▸ What you will do
A verbatim copy of all the data is required, minus any images.

= = = = = = =

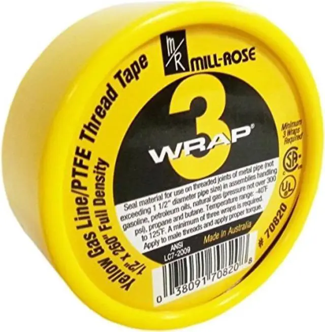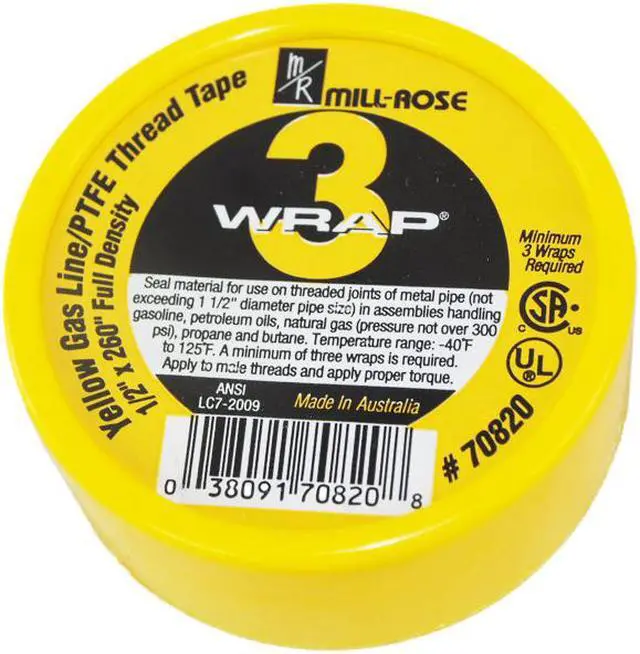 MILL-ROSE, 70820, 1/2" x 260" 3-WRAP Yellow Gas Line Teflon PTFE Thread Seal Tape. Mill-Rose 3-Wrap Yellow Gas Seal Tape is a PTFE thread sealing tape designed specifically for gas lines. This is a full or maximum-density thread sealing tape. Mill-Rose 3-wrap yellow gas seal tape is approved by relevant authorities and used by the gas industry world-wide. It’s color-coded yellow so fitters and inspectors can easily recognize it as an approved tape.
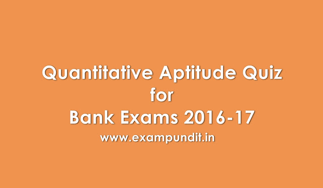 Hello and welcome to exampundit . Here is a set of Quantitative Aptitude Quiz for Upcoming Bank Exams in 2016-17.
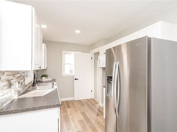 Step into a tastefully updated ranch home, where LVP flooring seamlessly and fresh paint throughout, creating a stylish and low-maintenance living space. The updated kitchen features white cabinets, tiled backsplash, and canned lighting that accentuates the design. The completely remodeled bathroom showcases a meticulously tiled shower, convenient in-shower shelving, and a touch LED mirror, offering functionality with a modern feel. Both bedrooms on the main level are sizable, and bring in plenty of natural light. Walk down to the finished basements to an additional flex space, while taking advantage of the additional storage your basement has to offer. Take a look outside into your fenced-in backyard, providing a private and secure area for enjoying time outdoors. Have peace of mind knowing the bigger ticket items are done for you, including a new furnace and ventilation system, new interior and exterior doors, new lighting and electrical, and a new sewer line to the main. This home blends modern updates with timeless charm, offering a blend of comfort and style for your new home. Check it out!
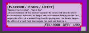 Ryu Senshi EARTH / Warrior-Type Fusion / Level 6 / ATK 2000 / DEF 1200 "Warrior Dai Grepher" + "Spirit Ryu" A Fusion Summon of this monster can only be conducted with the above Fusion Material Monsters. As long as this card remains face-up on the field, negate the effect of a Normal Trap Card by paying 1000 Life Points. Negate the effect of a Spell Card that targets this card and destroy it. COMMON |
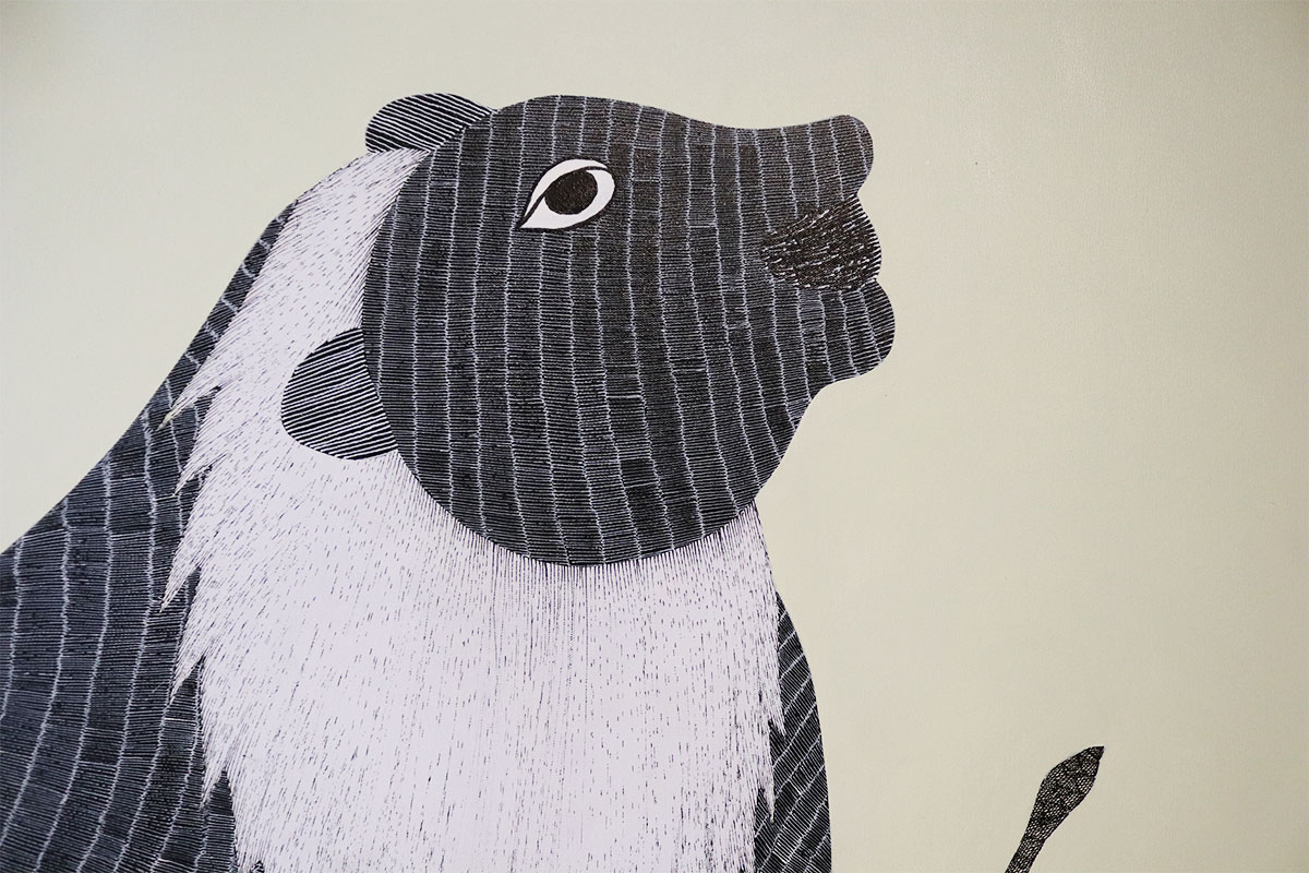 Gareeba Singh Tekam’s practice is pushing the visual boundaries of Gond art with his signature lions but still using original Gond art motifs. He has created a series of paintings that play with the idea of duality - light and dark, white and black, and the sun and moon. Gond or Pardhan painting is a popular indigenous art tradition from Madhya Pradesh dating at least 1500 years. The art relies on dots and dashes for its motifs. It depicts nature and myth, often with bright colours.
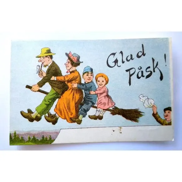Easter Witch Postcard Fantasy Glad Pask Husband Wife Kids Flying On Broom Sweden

= = = = = = =

▸ Response to this exercise
 MILL-ROSE, 70820, 1/2" x 260" 3-WRAP Yellow Gas Line Teflon PTFE Thread Seal Tape. Mill-Rose 3-Wrap Yellow Gas Seal Tape is a PTFE thread sealing tape designed specifically for gas lines. This is a full or maximum-density thread sealing tape. Mill-Rose 3-wrap yellow gas seal tape is approved by relevant authorities and used by the gas industry world-wide. It’s color-coded yellow so fitters and inspectors can easily recognize it as an approved tape.
 Hello and welcome to exampundit . Here is a set of Quantitative Aptitude Quiz for Upcoming Bank Exams in 2016-17.
 Step into a tastefully updated ranch home, where LVP flooring seamlessly and fresh paint throughout, creating a stylish and low-maintenance living space. The updated kitchen features white cabinets, tiled backsplash, and canned lighting that accentuates the design. The completely remodeled bathroom showcases a meticulously tiled shower, convenient in-shower shelving, and a touch LED mirror, offering functionality with a modern feel. Both bedrooms on the main level are sizable, and bring in plenty of natural light. Walk down to the finished basements to an additional flex space, while taking advantage of the additional storage your basement has to offer. Take a look outside into your fenced-in backyard, providing a private and secure area for enjoying time outdoors. Have peace of mind knowing the bigger ticket items are done for you, including a new furnace and ventilation system, new interior and exterior doors, new lighting and electrical, and a new sewer line to the main. This home blends modern updates with timeless charm, offering a blend of comfort and style for your new home. Check it out!
 Ryu Senshi EARTH / Warrior-Type Fusion / Level 6 / ATK 2000 / DEF 1200 "Warrior Dai Grepher" + "Spirit Ryu" A Fusion Summon of this monster can only be conducted with the above Fusion Material Monsters. As long as this card remains face-up on the field, negate the effect of a Normal Trap Card by paying 1000 Life Points. Negate the effect of a Spell Card that targets this card and destroy it. COMMON |
 Gareeba Singh Tekam’s practice is pushing the visual boundaries of Gond art with his signature lions but still using original Gond art motifs. He has created a series of paintings that play with the idea of duality - light and dark, white and black, and the sun and moon. Gond or Pardhan painting is a popular indigenous art tradition from Madhya Pradesh dating at least 1500 years. The art relies on dots and dashes for its motifs. It depicts nature and myth, often with bright colours.
Easter Witch Postcard Fantasy Glad Pask Husband Wife Kids Flying On Broom Sweden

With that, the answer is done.